Glasser, who serves on a FIRE advisory board, said in an interview that he “strongly encouraged” FIRE to broaden its free-speech work in part because the ACLU seems to be abdicating that role.

“Once the ACLU backs off its traditional role, who else is there?” Glasser asked. “It’s great to have the ACLU fighting for racial and reproductive justice and gay rights. …The notion that you have to reduce your vigor with which you defend First Amendment rights or you will damage the strength of your advocacy for equal rights for women, gays, and Blacks, et cetera is just demonstrably not true and, yet, they’ve done that. It has created a vacuum in the viewpoint-neutral defense of free speech, which FIRE has filled.”

Romero, the ACLU chief, said Monday that he agrees free speech is under increasing attack in the U.S. and is pleased that FIRE is branching out.

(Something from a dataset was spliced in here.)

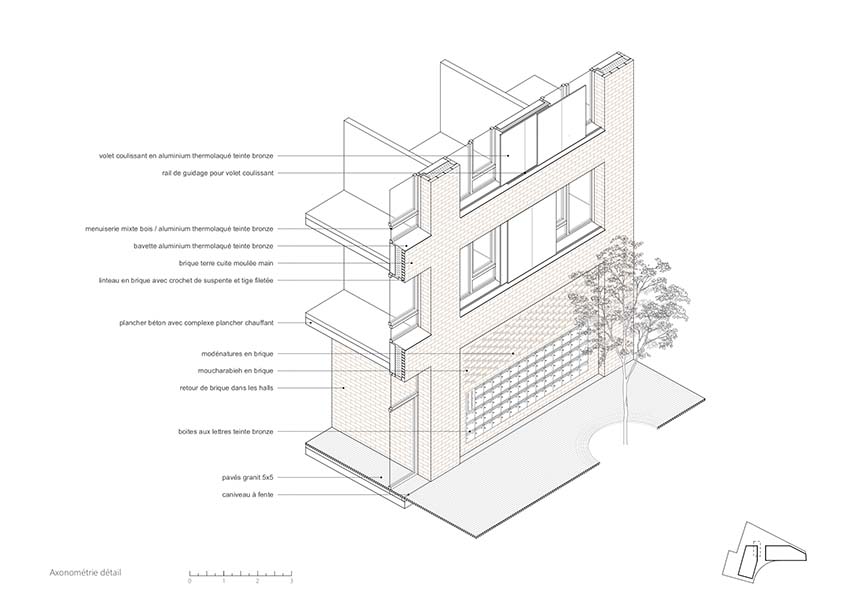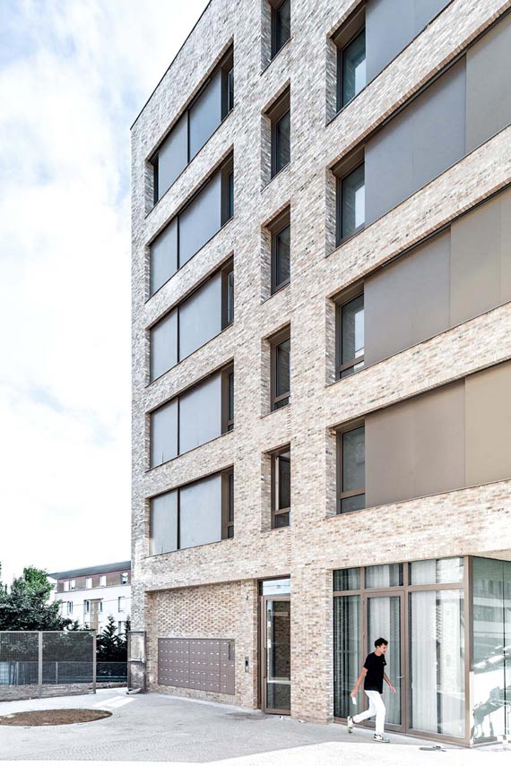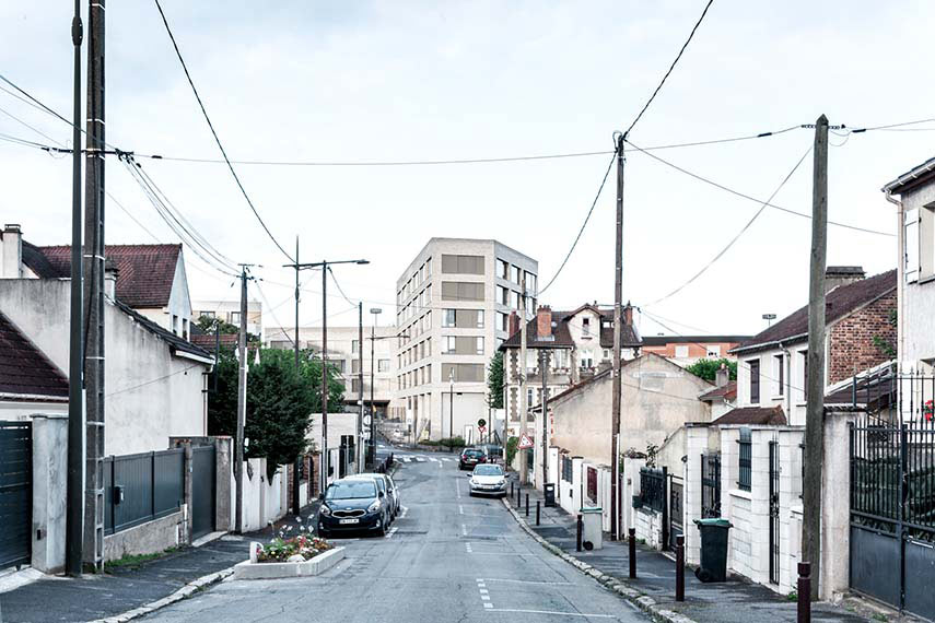 Located at the intersection of avenue du Président Salvador Allende, a large and busy street, the drivable Rue du Docteur Pinel, and the pedestrian street Charles Dehan, the new residence in Villejuif is one of the social residential architecture projects by the French studio Avenier Cornejo Architectes. Positioned at the strategic border between a residential neighborhood and the new urban area, the complex consisting of two buildings harmoniously and openly integrates with a dynamic and recognizable facade that can also be seen from afar, contributing to the new identity of the city area

“This is a welcome development,” Romero said in a statement. “Challenges to free speech are proliferating from both the left and the right, and the nation needs more organizations dedicated to upholding our most fundamental right.“

The ACLU faced internal upheaval in 2017 after its Virginia chapter provided legal assistance to white-nationalist groups seeking a permit to demonstrate in Charlottesville, Va. The “Unite the Right” rally they held ended with violence, including the death of a 32-year-old woman who was run over by a car driven by a far-right demonstrator whose friends said he was obsessed with Hitler.

The ACLU later recalibrated its free-speech advocacy, urging that its lawyers considering what cases to take also consider “offense to marginalized groups.” Romero also said it would not defend those seeking to engage in protests while armed.

Among those endorsing FIRE’s expansion are former ACLU President Nadine Strossen and former Treasury Secretary Larry Summers.

“I think for FIRE to spread its wings is very constructive,” said Summers, who served as president of Harvard University from 2001 to 2006 and was National Economic Adviser for from 2009 to 2011 under President Barack Obama.

Summers told POLITICO he’s troubled that “a stifling conformity” in discussions about issues related to identity on college campuses seems to be spreading.

“We’re seeing some tendency to some of the same imposition of orthodoxy beyond college campuses and some elevation of comfort-seeking relative to truth-seeking much more broadly,” Summers said.

Even with the planned expansion by FIRE, the ACLU will continue to dwarf the upstart organization in size and funding. The ACLU enjoyed a massive surge in funding following Trump’s victory in 2016 and now brings in almost $400 million to its coffers each year. FIRE, by contrast, raised under $16 million in its last fiscal year.

And while the ACLU and its affiliates are involved in hundreds of court cases each year in 19 policy areas ranging from voting rights to privacy to immigration, FIRE had only six cases in active litigation in the last fiscal year, according to its annual Internal Revenue Service filing.

FIRE contends that since it debuted in 1999 it has won over 500 public victories for students and faculty members, secured 425 campus policy changes, and helped drive down the prevalence of highly-restrictive campus speech codes.

While FIRE has received praise from many free-speech advocates, some critics have said the group is a thinly veiled front for conservatives looking to promote their political agenda. Since its inception, FIRE has received funding from a variety of conservative foundations, including millions from some linked to billionaire Charles Koch.

Lukianoff declined to detail who has contributed the $28 million for the new initiative or what prompted them to offer funding.

However, he said in the last fiscal year, about 69 percent of FIRE’s funding came from individual donors and about 31 percent from foundations.

Lukianoff acknowledged disappointment with major liberal foundations, who have balked at supporting FIRE’s efforts. “It’s been frustrating,” he said, adding, “Most of FIRE’s staff leans to the left politically.”

Lukianoff said his group also regularly defends left-leaning students and faculty members when their freedom of expression is threatened.

“We’re genuinely nonpartisan in the cases we take,” he said.